15.05.2013

Klage wegen überlanger Dauer eines finanzgerichtlichen Verfahrens

Steht die Erfolglosigkeit eines Verfahrens für jeden Rechtskundigen von vornherein fest, ist dessen Verzögerung für den Beteiligten objektiv nicht von besonderer Bedeutung. Dies rechtfertigt es, statt der begehrten Geldentschädigung Wiedergutmachung im Wege einer entsprechenden feststellenden Entscheidung zu leisten.

BFH 17.4.2013, X K 3/12
Der Sachverhalt:
In dem Ausgangsverfahren war der Kläger Erbe seines im Jahr 1996 verstorbenen Vaters. Mit seiner am 27.1.2006 vor dem FG erhobenen Klage machte der Kläger die Beschränkung seiner Erbenhaftung geltend. Am 27.3.2006 begründete er die Klage. Schon in der Klagebegründung erklärte er, die Steuernachzahlungen hätten im Fall eines frühzeitigen Hinweises des Betriebs-Finanzamtes bereits vom Nachlassverwalter beglichen werden können, da genügend Masse vorhanden gewesen sei.

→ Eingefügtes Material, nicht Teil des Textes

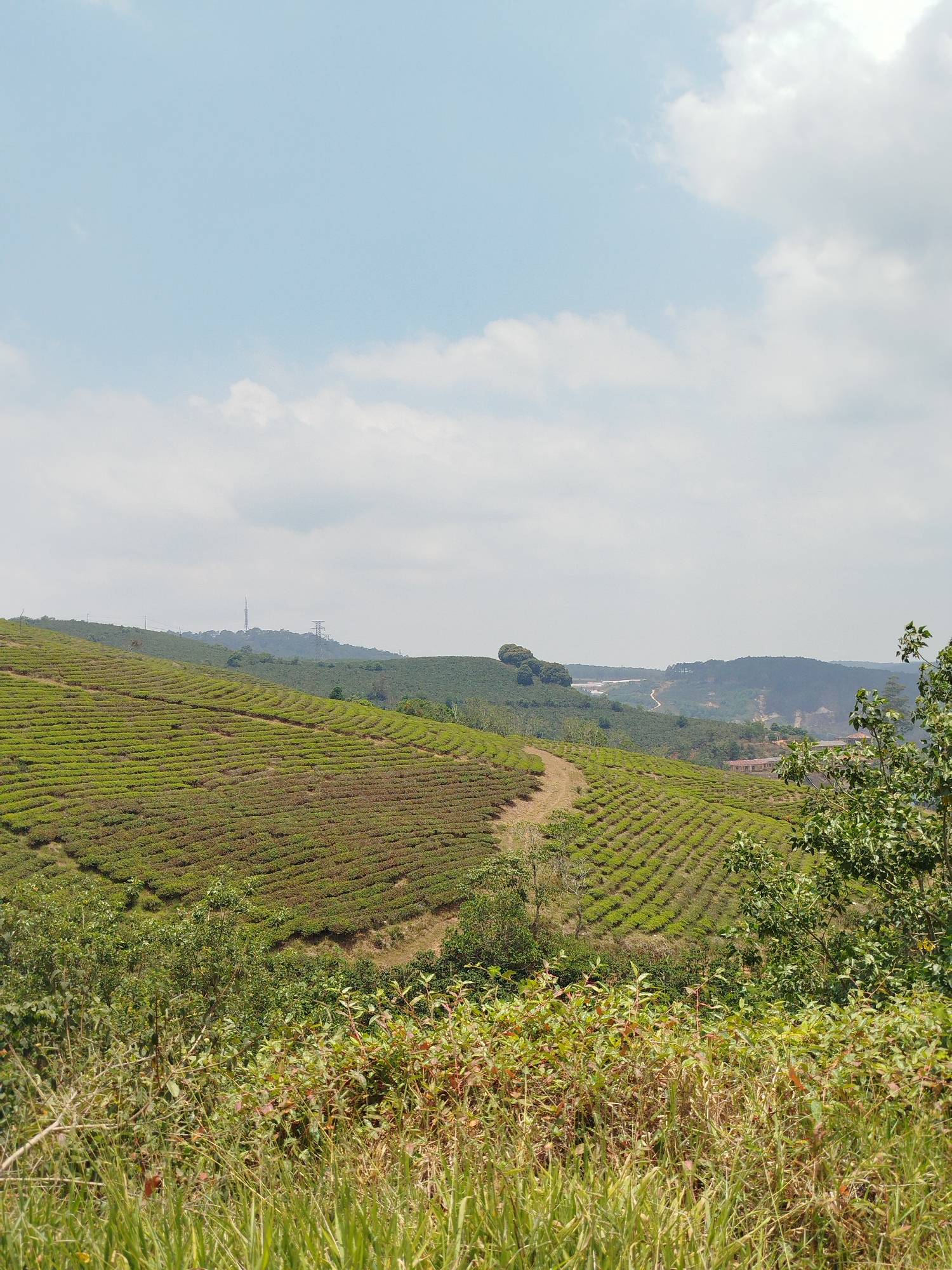 The image depicts a rural landscape in Trường Thọ, Vietnam, characterized by terraced tea plantations on a hillside. The sky is light blue with scattered white clouds. The tea plants are arranged in neat, parallel rows that contour the hill, creating a pattern of green and brown. A dirt path winds its way through the plantation. In the foreground, there is a mix of tall grasses and shrubs. In the midground, beyond the tea plantation, there are more hills and valleys covered in greenery. In the background, an area with powerlines and structures can be seen on another hill. The scene is bathed in sunlight, suggesting a clear day.

Mit einem am 2.6.2006 beim FG eingegangenen Schriftsatz des Klägers endete der Wechsel der vorbereitenden Schriftsätze zwischen den Beteiligten. Das FG wurde zunächst nicht weiter tätig. Auf eine am 12.10.2007 eingegangene Sachstandsanfrage des Klägers teilte es diesem am 23.10.2007 mit, der Zeitpunkt einer Terminierung sei wegen der Vielzahl der anhängigen älteren Verfahren ungewiss. Mit Verfügung vom 17.2.2010 forderte das FG - mittlerweile war die Zuständigkeit auf ein neugegründetes FG übergegangen - die Steuerakten und weitere Gerichtsakten. Für letztere erteilte der Kläger allerdings keine Einverständniserklärung. Das FG sah in der Folgezeit von einem weiteren Tätigwerden ab.

Am 18.1.2012 verfügte der Senatsvorsitzende des FG die Bestimmung eines Termins zur mündlichen Verhandlung auf den 1.3.2012. Zugleich erteilte er dem Kläger einen rechtlichen Hinweis, wonach die Klage unbegründet sein dürfte, weil die Einkommensteuer 2002 keine Nachlassverbindlichkeit darstelle. Der Kläger erklärte daraufhin den Rechtsstreit in der Hauptsache für erledigt und beantragte, dem Finanzamt die Kosten des Verfahrens aufzuerlegen. Zur Begründung führte er aus, es habe sich nachträglich herausgestellt, dass der Nachlass ergiebiger gewesen sei als zunächst angenommen.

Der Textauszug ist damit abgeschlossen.